Resistance to malaria treatment drugs that began with a strain of malaria in Cambodia has quickly spread to other Southeast Asian nations, according to authors of a new study that may have implications for the African continent.
The researchers from the Wellcome Sanger Institute, University of Oxford, and Thailand’s Mahidol University found that later generations of a multidrug-resistant malaria strain replaced local parasite populations in Vietnam, Laos and northern Thailand – and continued to acquire new genetic changes.
Researchers found that this strain, called KEL1/PLA1, spread across Cambodia in six years’ time. What they learned while studying the DNA of parasites, taken from malaria patient blood samples across a 10-year period ending in 2018, is that the situation became much worse after 2013. They published the findings of their work in The Lancet Infectious Diseases this week.
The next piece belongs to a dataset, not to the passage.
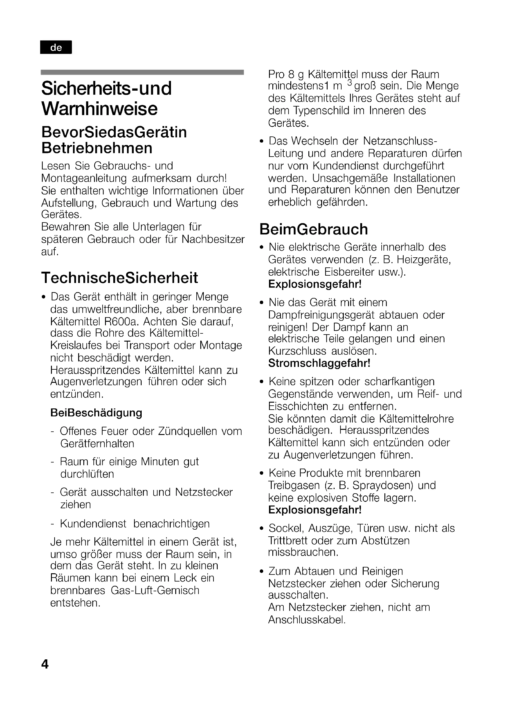 Kleine storingen zelf verhelpen 56. . . . . . . . Servicedienst 57. . . . . . . . . . . . . . . . . . . . . .4 Sicherheits und W arnhinweise Bevor Sie das Gerät in Betrieb nehmen Lesen Sie Gebrauchs und Montageanleitung aufmerksam durch! Sie enthalten wichtige Informationen über Aufstellung, Gebrauch und Wartung des Gerätes. Bewahren Sie alle Unterlagen für späteren Gebrauch oder für Nachbesitzer auf. Technische Sicherheit S Das Gerät enthält in geringer Menge das umweltfreundliche, aber brennbare Kältemittel R600a. Achten Sie darauf, dass die Rohre des Kältemittel Kreislaufes bei Transport oder Montage nicht beschädigt werden. Herausspritzendes Kältemittel kann zu Augenverletzungen führen oder sich entzünden. Bei Beschädigung − Offenes Feuer oder Zündquellen vom Gerät fernhalten − Raum für einige Minuten gut durchlüften − Gerät ausschalten und Netzstecker ziehen −Kundendienst benachrichtigen Je mehr Kältemittel in einem Gerät ist, umso größer muss der Raum sein, in dem das Gerät steht. In zu kleinen Räumen kann bei einem Leck ein brennbares GasLuftGemisch entstehen. Pro 8 g Kältemittel muss der Raum mindestens 1m

“Our study provides a clear picture of how malaria that is resistant to the first-line treatment is spreading, and demonstrates the importance of using genetics to detect patterns of resistance in each area,” said senior study author Dr. Dominic Kwiatkowski, of the Wellcome Sanger Institute and the Big Data Institute at Oxford. “Active genomic surveillance is now vital to inform national malaria control programs, to help reduce the risk of a major global outbreak.”
The World Health Organization says an estimated 435,000 people died of malaria in 2017 and 93 percent of them were in sub-Saharan Africa. Nigeria, Democratic Republic of Congo, Mozambique, Uganda and India accounted for nearly half of the world’s cases.
A WHO report in 2017 found that the fight against malaria was already compromised by resistance to insecticides used to control mosquitoes that spread the disease, especially in Africa and Eastern Mediterranean regions.